- [WHAT YOU HAVE TO DO] Starting with the line that holds "Eine übersichtliche Tabelle", reproduce each line through the last one of the data, exactly as written. Pictures are not copied.

═════ SOURCE DATA

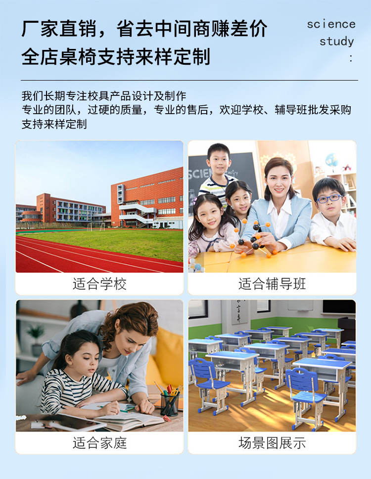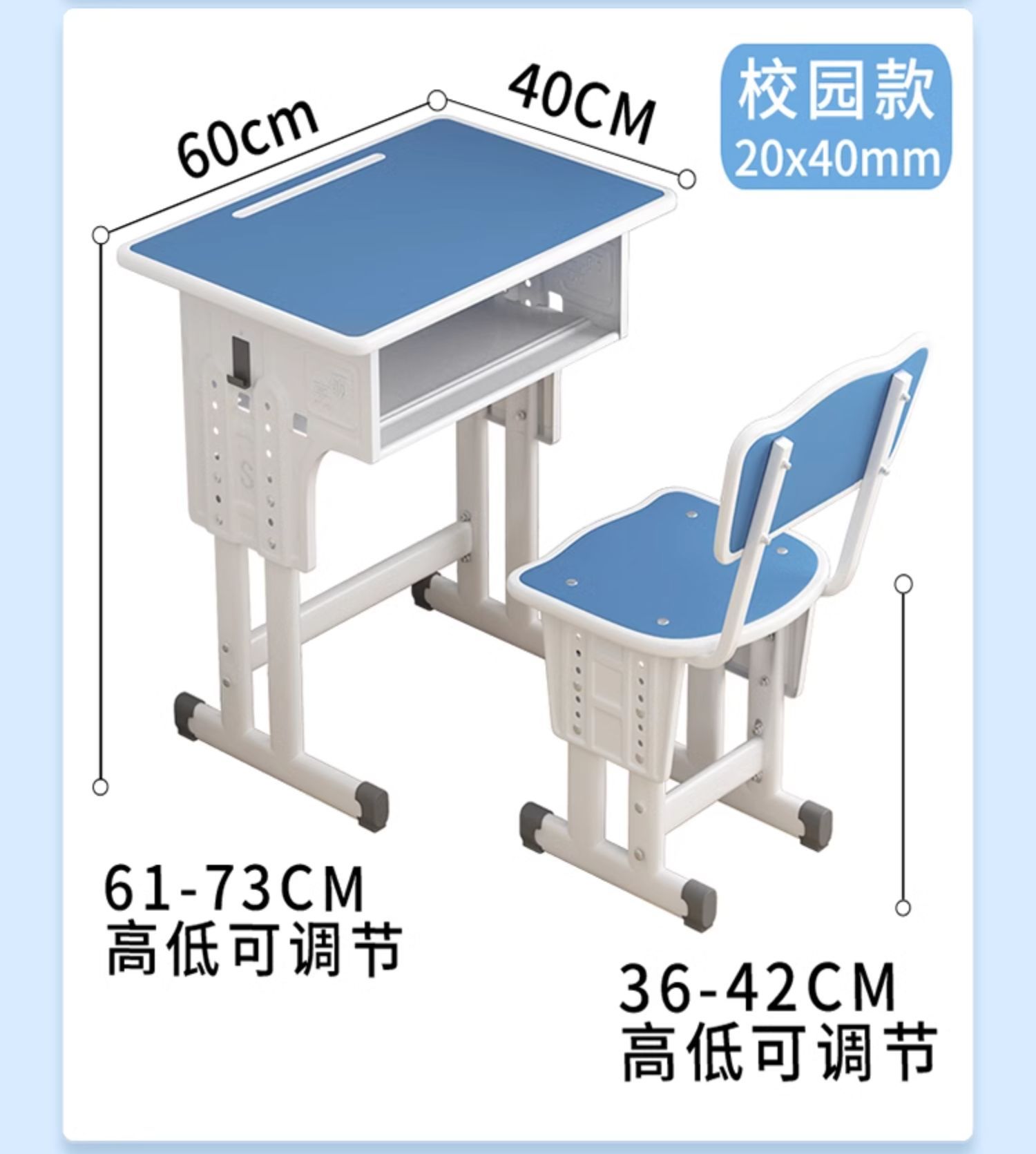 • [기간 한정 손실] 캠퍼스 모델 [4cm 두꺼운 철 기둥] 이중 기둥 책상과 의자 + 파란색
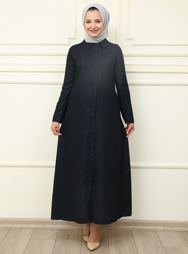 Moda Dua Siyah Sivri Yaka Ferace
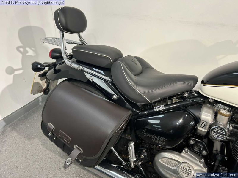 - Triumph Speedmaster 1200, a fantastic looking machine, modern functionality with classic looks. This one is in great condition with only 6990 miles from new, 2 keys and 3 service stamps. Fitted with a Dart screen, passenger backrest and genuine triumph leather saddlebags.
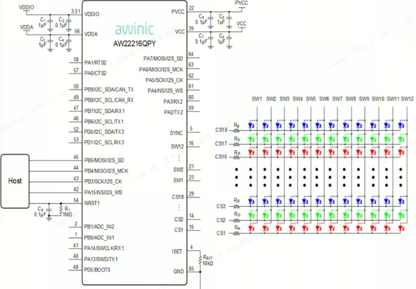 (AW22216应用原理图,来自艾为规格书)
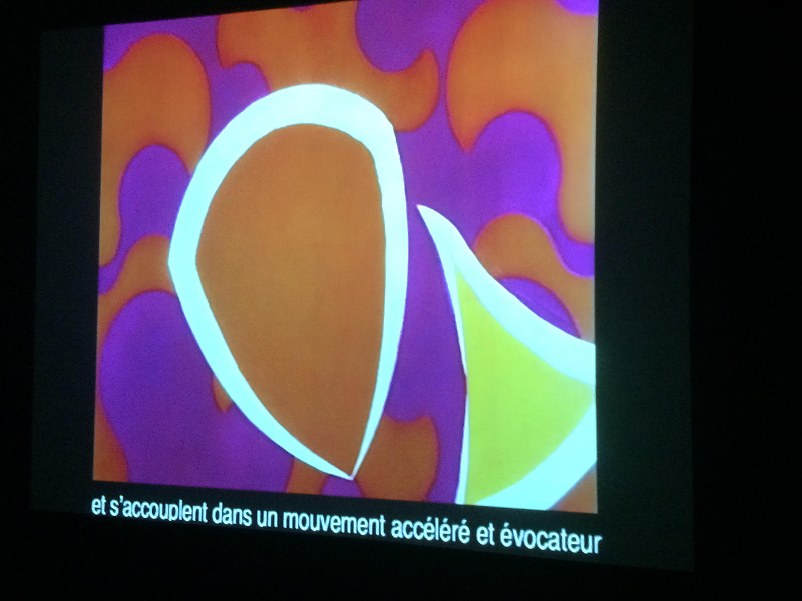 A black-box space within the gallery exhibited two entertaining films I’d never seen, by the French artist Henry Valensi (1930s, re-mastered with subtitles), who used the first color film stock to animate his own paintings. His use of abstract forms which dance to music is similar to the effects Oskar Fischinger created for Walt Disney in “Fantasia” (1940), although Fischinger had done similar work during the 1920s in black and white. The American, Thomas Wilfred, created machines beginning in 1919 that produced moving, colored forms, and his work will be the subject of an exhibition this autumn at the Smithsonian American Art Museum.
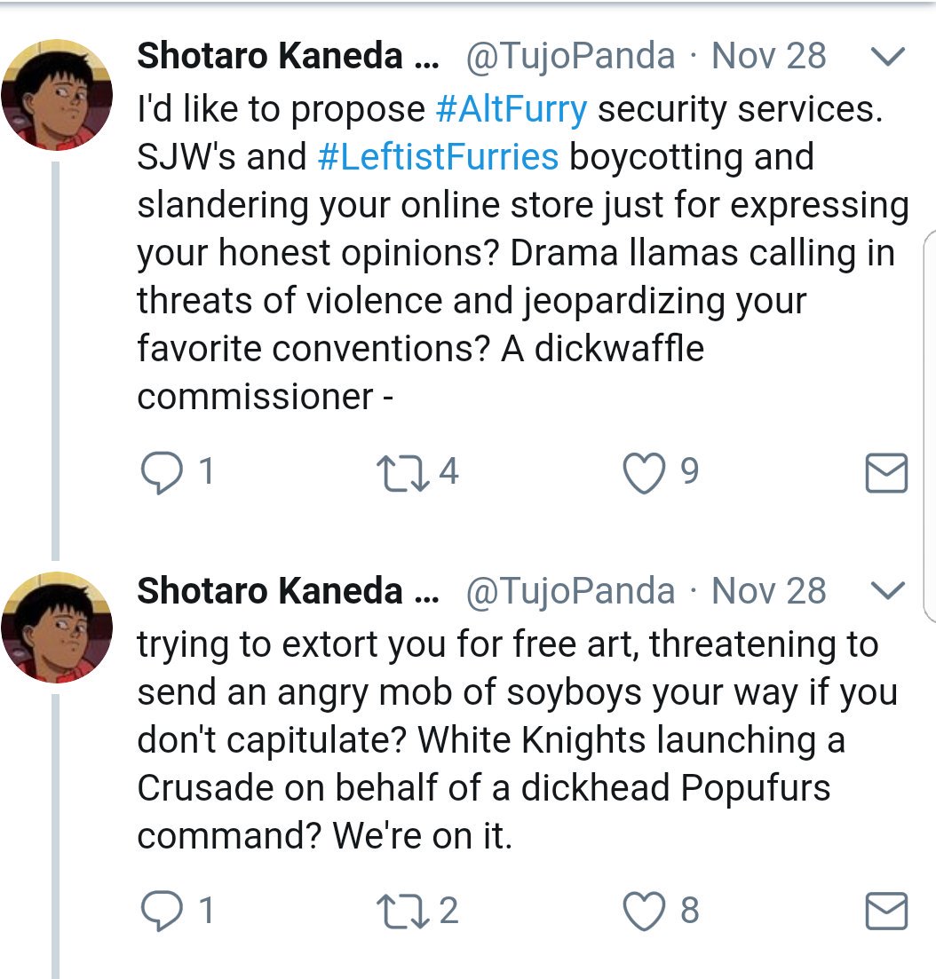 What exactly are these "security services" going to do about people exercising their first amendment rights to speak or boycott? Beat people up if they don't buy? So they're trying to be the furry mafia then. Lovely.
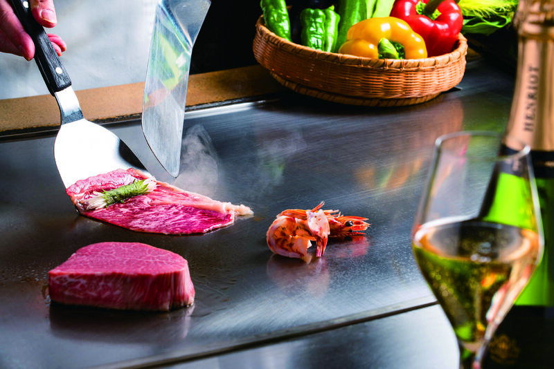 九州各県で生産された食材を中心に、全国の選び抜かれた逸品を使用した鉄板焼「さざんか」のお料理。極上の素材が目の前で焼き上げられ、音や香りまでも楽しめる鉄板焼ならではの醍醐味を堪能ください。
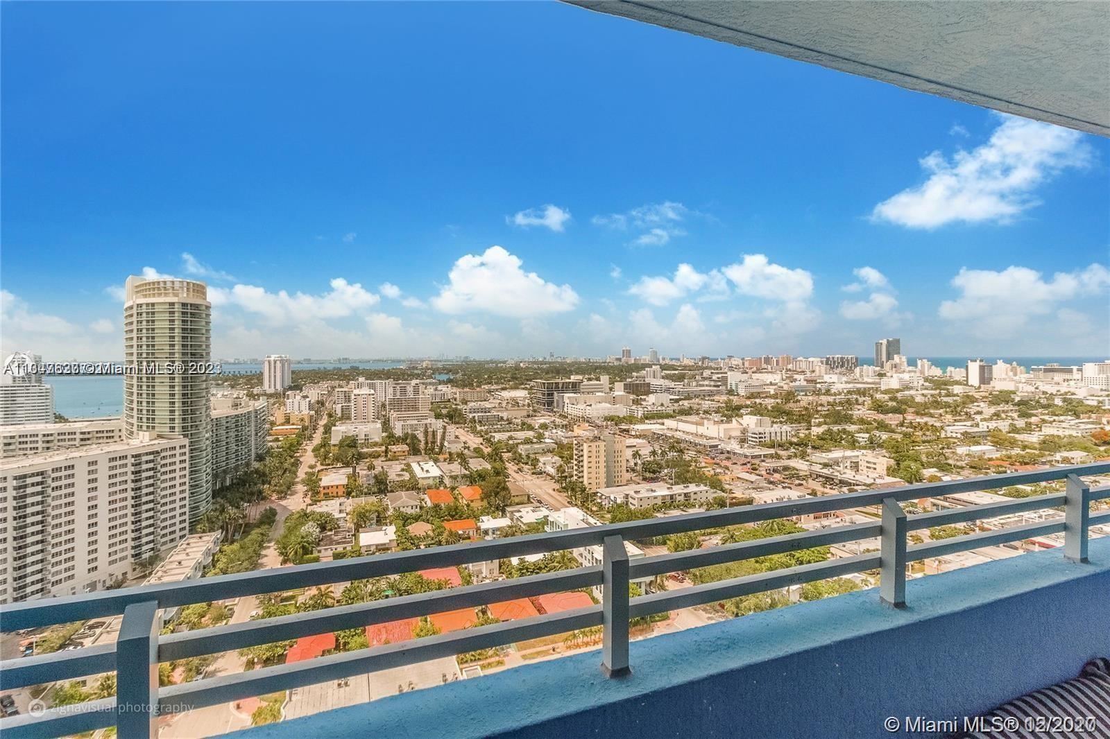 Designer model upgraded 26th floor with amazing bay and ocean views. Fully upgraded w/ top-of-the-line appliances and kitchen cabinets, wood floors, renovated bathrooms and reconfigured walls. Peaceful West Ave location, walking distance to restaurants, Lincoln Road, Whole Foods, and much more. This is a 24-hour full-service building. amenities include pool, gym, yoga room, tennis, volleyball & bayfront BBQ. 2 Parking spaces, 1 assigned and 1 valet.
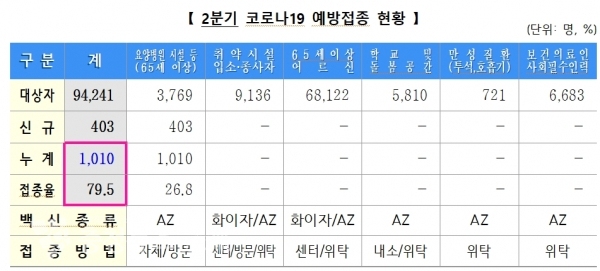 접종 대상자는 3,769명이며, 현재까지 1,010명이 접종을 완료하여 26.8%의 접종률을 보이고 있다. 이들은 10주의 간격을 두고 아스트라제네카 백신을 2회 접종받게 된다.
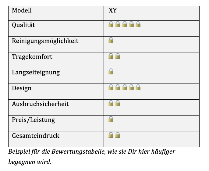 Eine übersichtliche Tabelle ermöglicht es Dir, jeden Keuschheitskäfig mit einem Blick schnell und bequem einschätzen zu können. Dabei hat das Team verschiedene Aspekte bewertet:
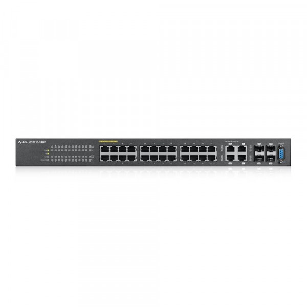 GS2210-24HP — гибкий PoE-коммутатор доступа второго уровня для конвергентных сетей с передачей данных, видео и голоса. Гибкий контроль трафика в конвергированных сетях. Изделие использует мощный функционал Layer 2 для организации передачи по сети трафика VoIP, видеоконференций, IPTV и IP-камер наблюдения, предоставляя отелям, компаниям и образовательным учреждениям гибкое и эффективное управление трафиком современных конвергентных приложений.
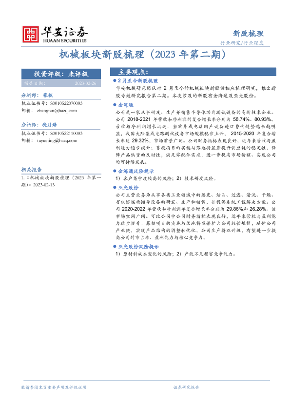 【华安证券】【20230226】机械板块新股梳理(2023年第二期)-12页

══════════

- [FINISHED TASK]
 Eine übersichtliche Tabelle ermöglicht es Dir, jeden Keuschheitskäfig mit einem Blick schnell und bequem einschätzen zu können. Dabei hat das Team verschiedene Aspekte bewertet:
 GS2210-24HP — гибкий PoE-коммутатор доступа второго уровня для конвергентных сетей с передачей данных, видео и голоса. Гибкий контроль трафика в конвергированных сетях. Изделие использует мощный функционал Layer 2 для организации передачи по сети трафика VoIP, видеоконференций, IPTV и IP-камер наблюдения, предоставляя отелям, компаниям и образовательным учреждениям гибкое и эффективное управление трафиком современных конвергентных приложений.
 【华安证券】【20230226】机械板块新股梳理(2023年第二期)-12页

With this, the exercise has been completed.